12 марта 1897. Ясная Поляна.
   Вчера я дошла до дна отчаяния. Так было страшно, больно и одиноко, что если бы это состояние продолжалось, я выписала бы его или поехала бы к нему. Сегодня немного легче, хотя пробуждение было тяжелое, и сейчас, придя в сумерки в свою подвальную комнату, на меня напал страх, что вчерашнее отчаяние опять охватит меня. Но я не даю себе распускаться. Мне ужасно горько думать, что я столько раз делала ему больно, когда, любя его, хотелось бы взять на себя и то тяжелое, что есть у него в жизни. Я писала в прошлый раз, что я загрязнила свою жизнь: это относится к тому, что я позволила себе любить женатого человека, говорила это ему и скрывала свои отношения с ним от папа, но это никак не относится к свойству нашей любви. В ней нет ничего постыдного, и поэтому я могу продолжать любить его.
   Читала сегодня биографию Джордж Элиот, и она на меня подействовала успокоительно. Она полюбила 34-х лет в первый раз и была всю свою жизнь счастлива этой любовью, а первый свой роман она написала еще несколькими годами позднее. Так мне можно не считать свою жизнь конченной. И Льюис характером немного похож на моего старика, но мне, к сожалению, далеко до Джордж Элиот.
   Читаю историю, хочу образовываться.
 
13 марта.
 
   Не выдало старое пепелище! Я приехала сюда, в Ясную Поляну, для утешения и успокоения, и она, как нарочно, дарит мне один день красивее другого. Да еще такой наст устроила, что я хожу по полям и лесам целиком, несмотря на канавы, пруды и реки. Сегодня опять солнце и мороз и так необыкновенно красиво и блестяще, что делается стыдно унывать, и чувствуешь как бы своей обязанностью радоваться и наслаждаться красотой мира.

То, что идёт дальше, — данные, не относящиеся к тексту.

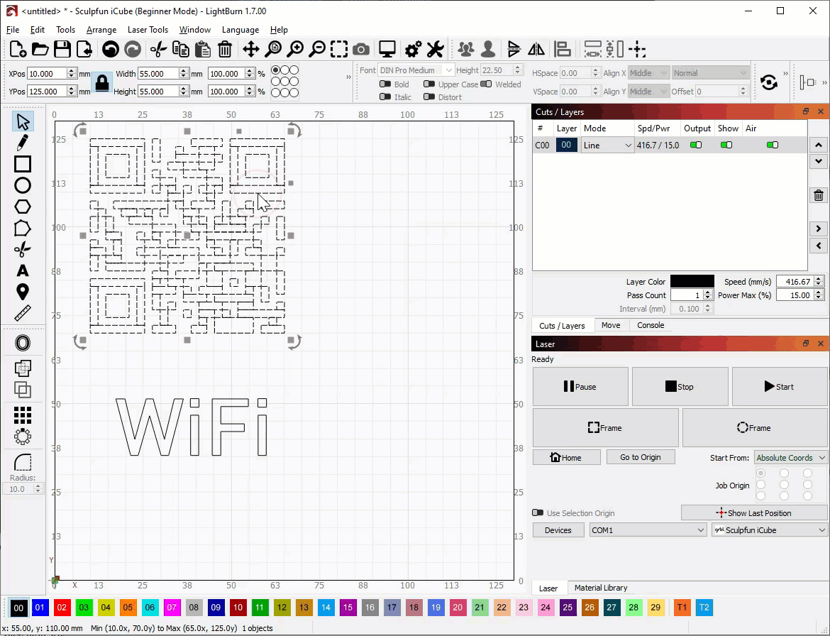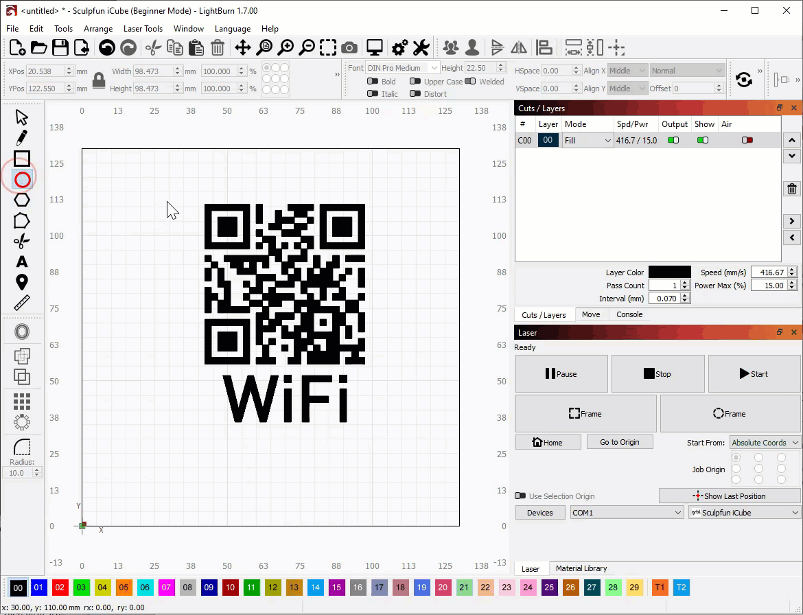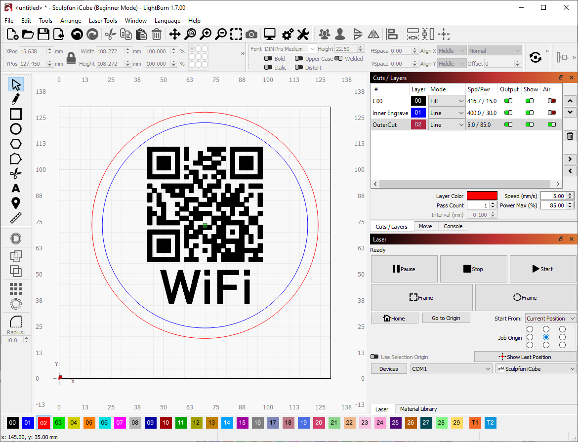 One of the best ways to learn to use Lightburn is to use it. We recommend following along with our laser-engraved QR Code WiFi coaster to start exploring LightBurn. By the end, you'll be familiar with LightBurn's user interface and general workflow, and you'll have a coaster your friends and family can scan to log into your WiFi network without needing to type anything in.
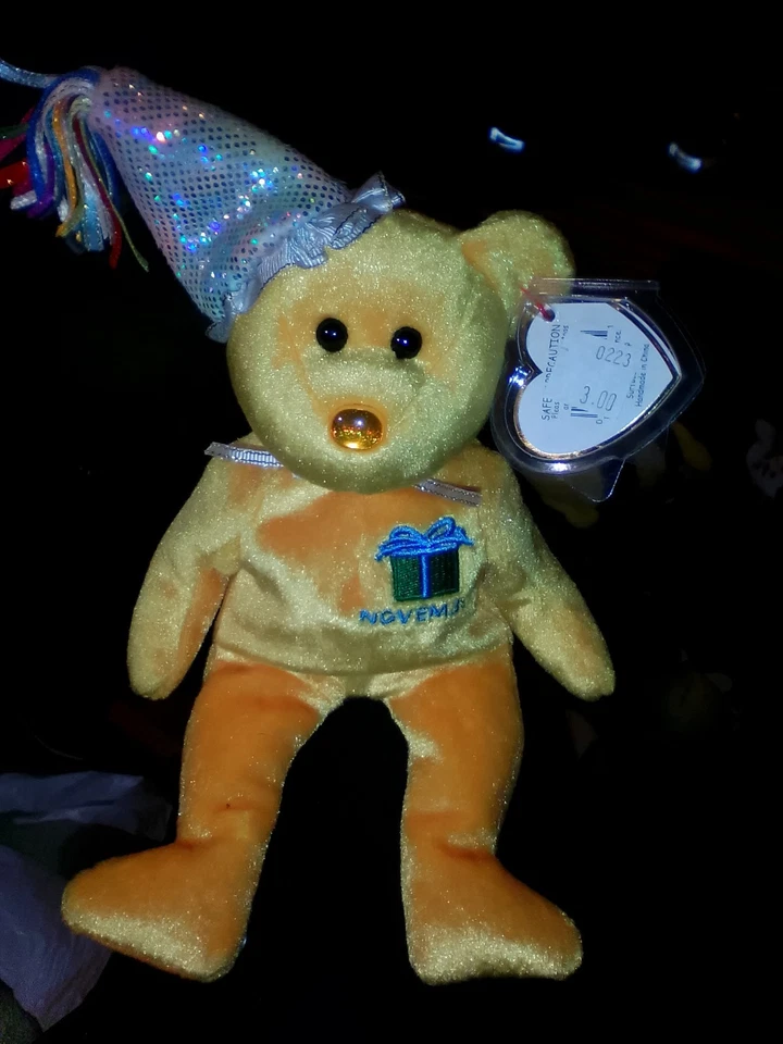 TY Beanie Baby - NOVEMBER the Teddy Birthday Bear (w/ hat) (9.5 inch) - MWMTs
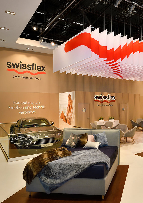 Swissflex steht seit über 60 Jahren für Schlafkomfort der gehobenen Klasse. Unter Berücksichtigung des Markenversprechens „Geborgenheit der Extraklasse“ sollten wir auf der IMM eine Produktwelt entwickeln, die diesem gehobenen Anspruch gerecht wird.
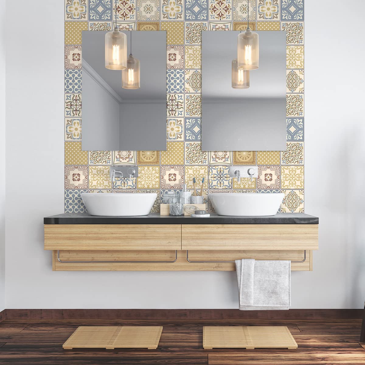✅ LANGLEBIG UND STRAPAZIERFÄHIG: Hochwertige Fotodrucke, nicht brennbar, geruchlos, hochtemperaturbeständig, Kratzer, Wasser, Reinigungsmittel und häufiger Verkehr. ✅ AUSGEZEICHNETE QUALITÄT - Der Bodenaufkleber für Betonfliesen ist ein rutschfestes Vinyl, das auf dem Deussus gedruckt und mit einem Schutzlaminat aus Kunststoff versehen ist. Dieser Fliesenkleber sorgt dafür, dass die Amtosphäre dieses Raumes angenehmer und benutzerfreundlicher wird. ✅ WANDAUFKLEBER: 80x120cm - 24 Stück 20 x 20 cm nachahmung vorgeschnittener selbstklebender zementfliesen. Fliesenaufkleber für Ihre Dekoration. Kleben Sie diesen Fliesenaufkleber an Wänden, Möbeln oder sogar auf Fenstern. Wohin kleben Sie diesen Dekoaufkleber? Dieser dekorative Aufkleber aus Zementfliesen ist perfekt für Ihre Küche oder Ihr Bad, um mehr Fantasie in Ihr Zuhause zu bringen. ✅ ORIGINALDEKOR: Schaffen Sie Originalität mit Fliesenbodenaufklebern und ihren wunderschönen Farbpaletten, Originaldrucken oder farbenfrohen Designs. Wandtattoo, Selbstklebend, Für Küche, Badezimmer, 24 Sticker Wir bieten Ihnen eine Übersicht von aktuellen Deals und Rabatten für clevere Einkäufe. Mit den Fliesenaufklebern schaffen Sie Originalität mit schönen Farbpaletten, Orginalgravuren oder bunten Zeichnungen, die Ihren Gästen gefallen.
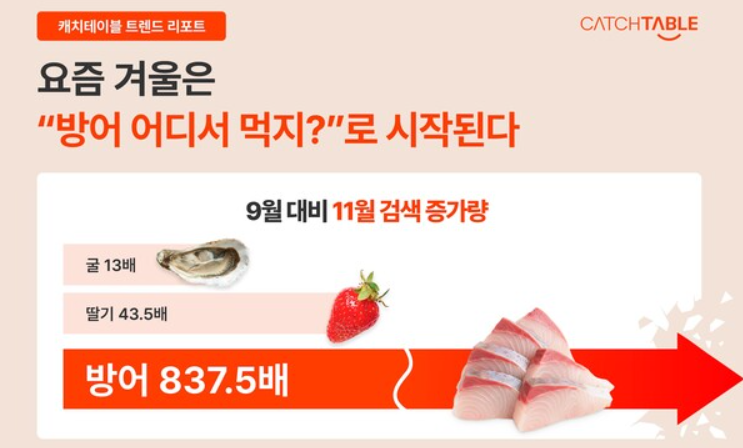 외식 예약 플랫폼 캐치테이블이 지난달 공개한 트렌드 리포트에 따르면, 방어’, ‘대방어’, ‘방어회’ 등의 검색량이 2024년 9월 대비 11월에 무려 837.5배 급증했다. 같은 기간 굴의 검색량은 13배 증가하는 등 전반적으로 겨울철 대표 식재료에 대한 관심이 확산된 것을 볼 수 있다.

   Думала сегодня о том, что вот я опять хочу снова начинать свою жизнь,- отказываюсь от любви, хочу жить нравственно и не бесполезно для других и все еще не изверилась в своей энергии. Столько раз я делала эти энергичные скачки кверху и потом понемногу ослабевала и опять потихоньку сползала вниз. Мне было бы утешительно думать, что я всякий раз не доползала до той черты, как в предыдущий раз, но не могу этого утверждать; пожалуй, наоборот, падаешь ниже и не так высоко подымаешься. Дедушка Ге говорил, что наша жизнь это как спираль по конусу – мы возвращаемся постоянно на те же места, но каждый раз ступенью выше.
   Не надо никогда забывать, как крепко наша жизнь связана с жизнями окружающих нас ж какое огромное взаимное влияние люди имеют друг на друга.

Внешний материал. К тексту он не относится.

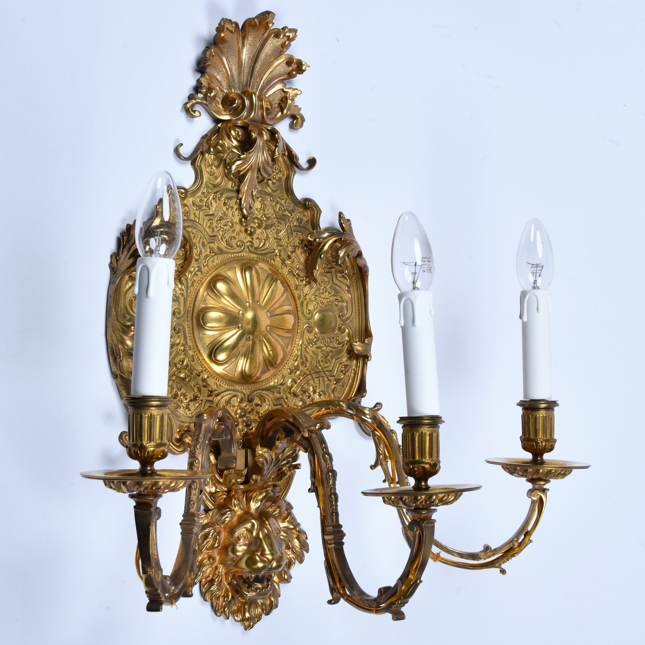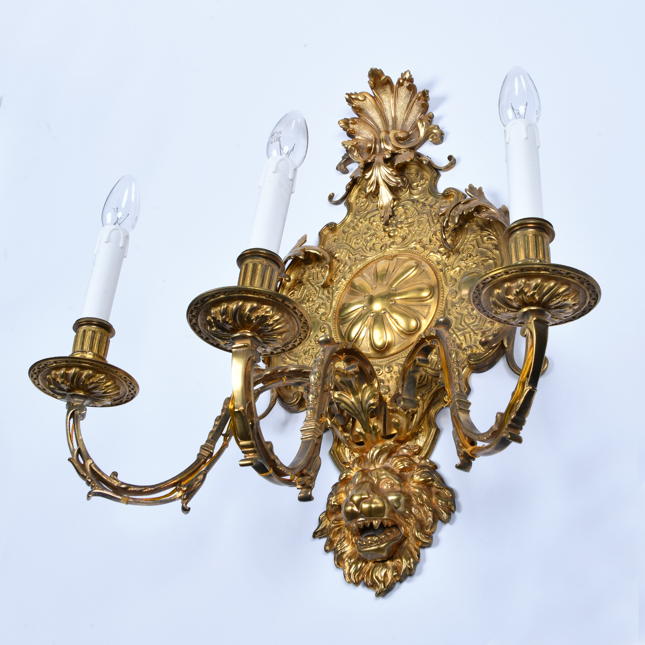 Парные французские бра с львиными маскаронами в стиле «третье рококо»
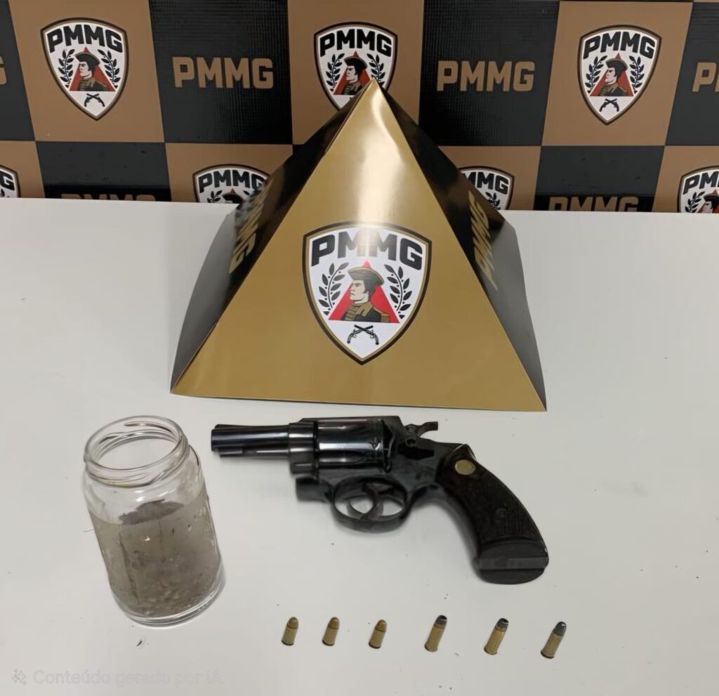 Com autorização para entrar no imóvel, os policiais realizaram buscas e localizaram uma porção de maconha no quarto, dentro do guarda-roupa. Também foi apreendido um revólver calibre .32, com cinco cartuchos intactos e um cartucho picotado.
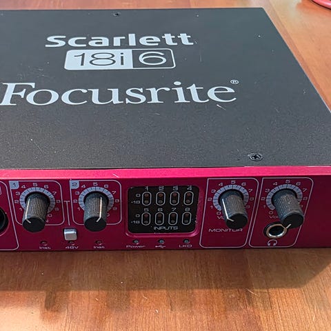 Selger min Focusrite Scarlett 18i8 Lydkort. Kjøpt under Covid og brukt 1 gang. Plastikkbeskytter på sidene er enda på.

   Эти дни моей слабости я все подбирала примеры людей, находящихся приблизительно в моем положении и не считающих нужным бороться с ним, и желала, но не могла подражать им. Сегодня мне этого стыдно. Мне надо поступать так, чтобы когда-нибудь мой пример кого-нибудь не ввел бы в соблазн, а не искать себе примеров слабости и снисхождения к себе в других. Конечно, это соображение не есть главный руководитель поступков, но и забывать этого нельзя.
   День мой сегодня прошел более бесплодно, чем вчера. Немного рисовала (портрет Цурикова с карточки для его дочери), немного читала, играла с Левой на мандолине, перед обедом ходила с молодыми гулять, брали с собой лыжи; приехала М. А. Шмидт, бодрая и энергичная: ткет, ходит за коровой и телкой, переписывает и радуется на жизнь.